With the holidays mostly coming to an end, it’s time for many of us to get back to our regular routines after eating ourselves into a food coma. In theory, this seems like a really easy concept. In practice, it is much more difficult. Cravings, fatigue, lack of motivation, and cold weather are all working together to deter us from resuming our healthy habits. So what can you do to help get yourself back on track and to stay on track?
1) Don’t Beat Yourself Up
Many people feel pretty discouraged in regards to their fitness goals after the holidays. After a couple of weeks of eating all of the seasonal foods we feel like our waistlines have expanded and we feel pretty crummy. If this has happened to you, it is important to not use this disappointment as motivation. When you use a negative feeling to motivate yourself you usually end up getting off track again. Instead, try using positive motivation to get you back on track. Try focusing on getting healthy, not just on losing weight. Do it to feel better, instead of looking better. Positive motivation will get you further than negative motivation.
Take some time to sit down and plan out your week. Take a look at what you have in your fridge and plan your meals accordingly. Once you have things like work and family scheduled in, try and fit five half hour workouts into your schedule. Keep in mind the time of day that you are putting them in for – it can sometimes be tricky to get a workout in after a long day of work.

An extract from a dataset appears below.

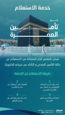 آخر الأخبار > “الضمان الصحي” يوضح خطوات الاستعلام عن تأمين العمرة للقادمين من خارج المملكة

Take some time to organize your space. Clean out all of those desk drawers and toss/donate everything from your closet that hasn’t been work for the past year. Give yourself a fresh start this new year. When you are reorganizing, keep in mind the functionality of the space, this will help you keep organized and make your life more simple.
4) Bring on the New
Once you’ve reorganized and decluttered your space fill it with things that will help you stay on track. The best first step is to fill your fridge and pantry with healthy foods. Once you have that taken care of, see if you have some space left over in your house for a workout corner. This way, even if you can’t make it to the gym or it’s too cold outside to exercise, you can still do some activity at home! Another thing to do is revamp your space. Add items that bring you joy (as cheesy as this sounds). Find a nice little plant or some decorative objects that make you smile!
5) Start a Food Journal
Writing down what you eat can be a great way to really keep track of what you are putting in to your body. Sometimes it is easy to forget that you had a cookie with your morning coffee. By writing it down you make sure you eat enough of the right things!
6) Set Goals
Give yourself something fun to work towards. It helps you keep on track and lets you have fun. To set goals you can stick to try using S.M.A.R.T. goals (Specific. Measurable. Attainable. Relevant. Time-bund). Need some help setting goals: Making Resolutions You Can Stick To
7) Stay Motivated
Motivation can be a highly elusive creature for some people. When getting back on track motivation is what will keep you going until you have formed your new habit. So what do you do on those mornings when you can’t seem to force yourself to get out of bed to hit them gym before work? The easiest thing to do is to remind yourself why you started this. If you created your goals using S.M.A.R.T. goals, then this should be easy to do. For those of you who haven’t made your S.M.A.R.T. goals try revamping your preexisting goals to fit this framework.
8) Create a Support Network
It’s always easier to stay on track when you surround yourself with like-minded individuals. The closer the people are to you the better and around this time of year it is usually pretty easy to convince people to start living healthier. If you are on your own it is always super easy to find like minded individuals on social networking platforms. Try joining a Facebook group or Spark People. This can also be a great way to meet new people!
9) Stay On Track
Usually getting on track is the easy part. It’s staying on track that can be hard. When you first make a change, you notice some short term improvements, but after a couple of days, this feeling wears off. It’s at this point where a lot of people start to derail; cravings, lack of motivation, and old routine start to set back in. Instead of succumbing to these pressures, learn what causes them and work at moving past this progress plateau.
10) Be Happy
It’s your life to live so you may as well enjoy it! Learn to work through the hard times and cherish the good times!